● WHAT THE TASK REQUIRES
Below are entries; repeat exactly, and nothing else, the lines from the one holding "deixan sentir la" through the one holding "一生懸命植え付ける児童たち", inclusive. Leave the pictures out.

● LISTED RECORDS

•••

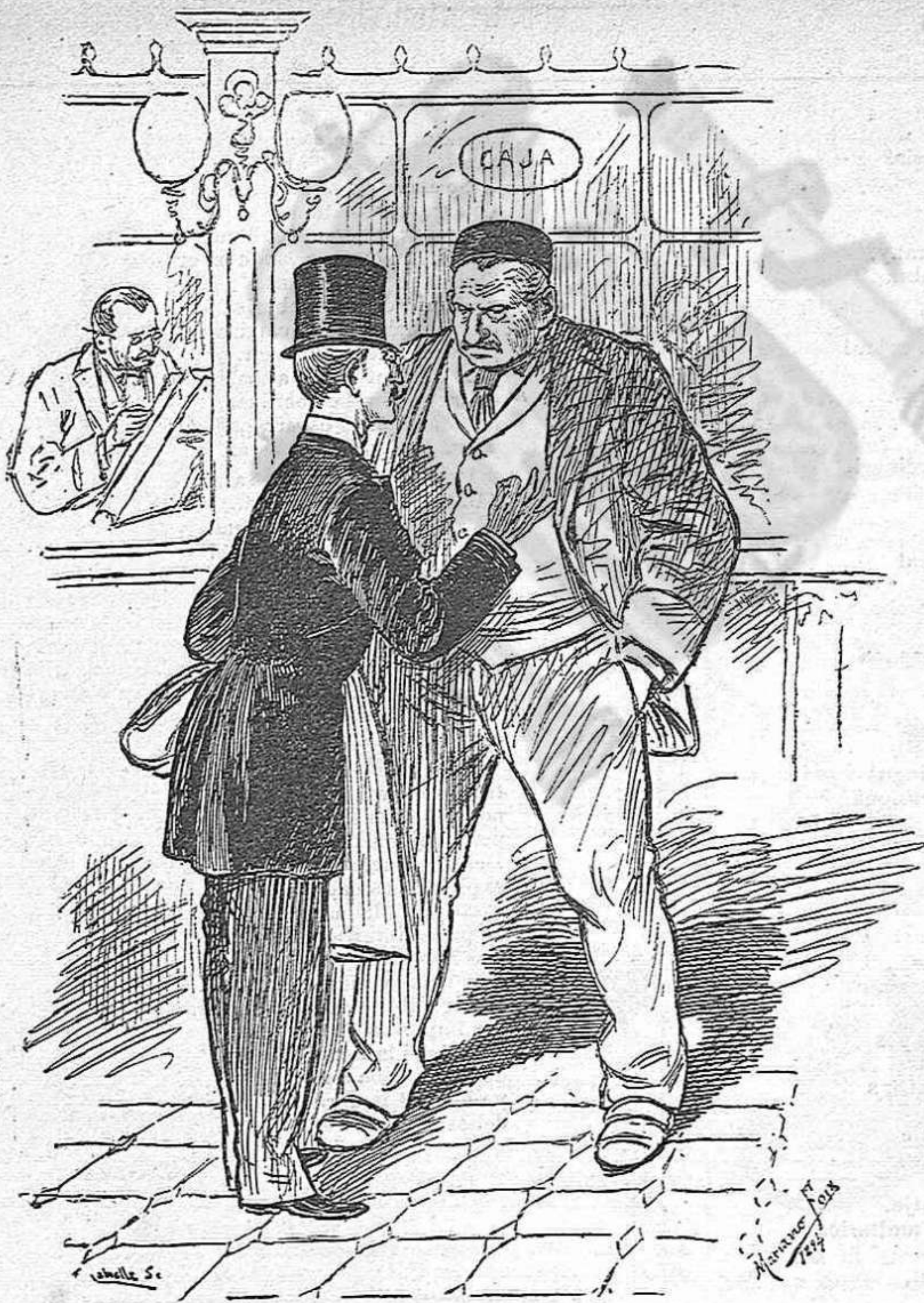
—Si vol que aquest negoci li prosperi, encengui una llantia á Santa Angelita y no hi planyi l' oli.

deixan sentir la séva veu au- torisada recullint los aplausos mes entusiastas, quan procla- man la necessitat de la unió re- publicana. Desde París s' anun- cia la publicació de un mani- fest de 'n Ruiz Zorrilla enco- miant també la idea de la unió. Y un núcleo de joves, vinguts á la vida pública, sense com- promisos personals de cap mena, sense ressabis qu' en- torpeixin l' impuls de las sévas aspiracions sincerament repu- blicanas se disposan á reunir- se en Asamblea pera procla- mar la necessitat, ja desde avuy, irresistible, de una re- fundició vigorosa de tots los elements que aspirin á la im- plantació de la República es- panyola.
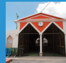
Marché aux vivres
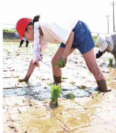
一生懸命植え付ける児童たち
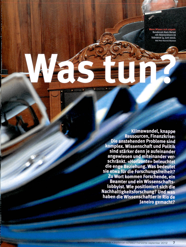
Wenn Wissen sich stapelt: Bundesrat Alain Berset mit Aktenordnern im Ständerat (4. Juni 2012).
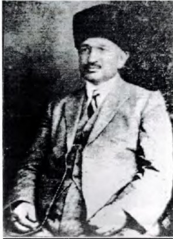
Ek-4: Kıbrıs'ta müdürlük yaptığı yıllara ait bir fotoğrafı (Öksüzoğlu 2003: 268)
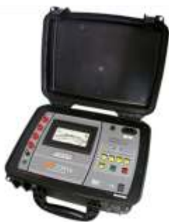
MEGOMETRO SERIE: OI 6160e MODELO: MI 20 Kve
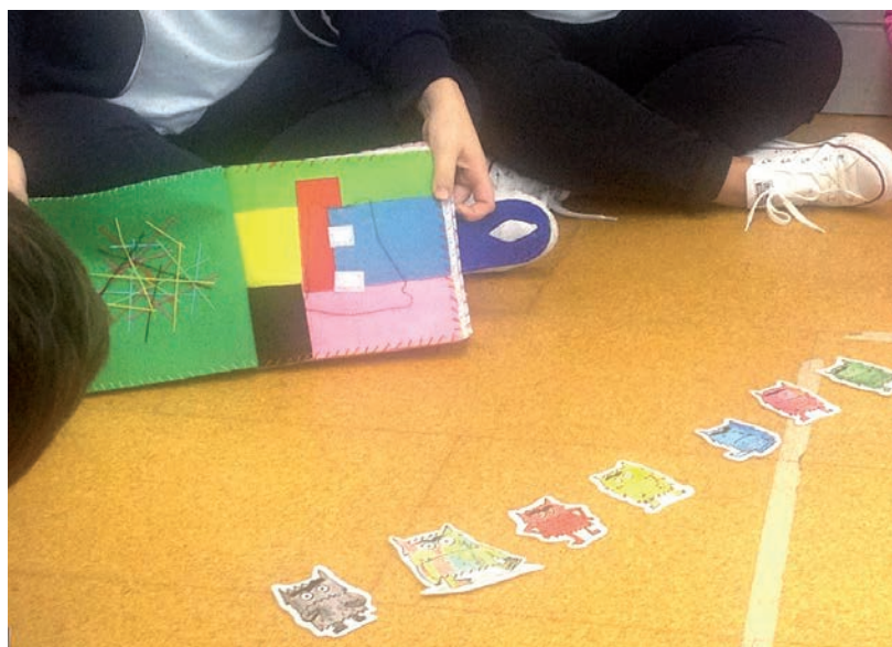
Image 2. Couleurs et émotions
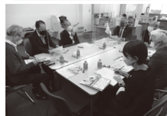
2022年10月20日に開催した支部長会

▶若い人向けの店はお客様が戻っているが、宴会の利用はまだ少ない ▶グーグルマップに店を登録したら、飛び込みで来店した20代の方がリピーターになってくれた ▶店では換気扇を24時間回している ▶二酸化炭素の検知器も必須 ▶アクリル板がじゃまと言われるが、自分を守るためにも必要 ▶お客様は来店を控えていても店を気にかけてくれているので、それにどう応えるか ▶若いお客様は元気なので営業時間延長の働きかけを ▶組合ホームページに組合員のお店を載せてはどうか ▶客引きは違法だが、お店の案内を求めるお客様はいるので適正な案内方法があるといい

•••

● EXPECTED OUTPUT
deixan sentir la séva veu au- torisada recullint los aplausos mes entusiastas, quan procla- man la necessitat de la unió re- publicana. Desde París s' anun- cia la publicació de un mani- fest de 'n Ruiz Zorrilla enco- miant també la idea de la unió. Y un núcleo de joves, vinguts á la vida pública, sense com- promisos personals de cap mena, sense ressabis qu' en- torpeixin l' impuls de las sévas aspiracions sincerament repu- blicanas se disposan á reunir- se en Asamblea pera procla- mar la necessitat, ja desde avuy, irresistible, de una re- fundició vigorosa de tots los elements que aspirin á la im- plantació de la República es- panyola.
Marché aux vivres
一生懸命植え付ける児童たち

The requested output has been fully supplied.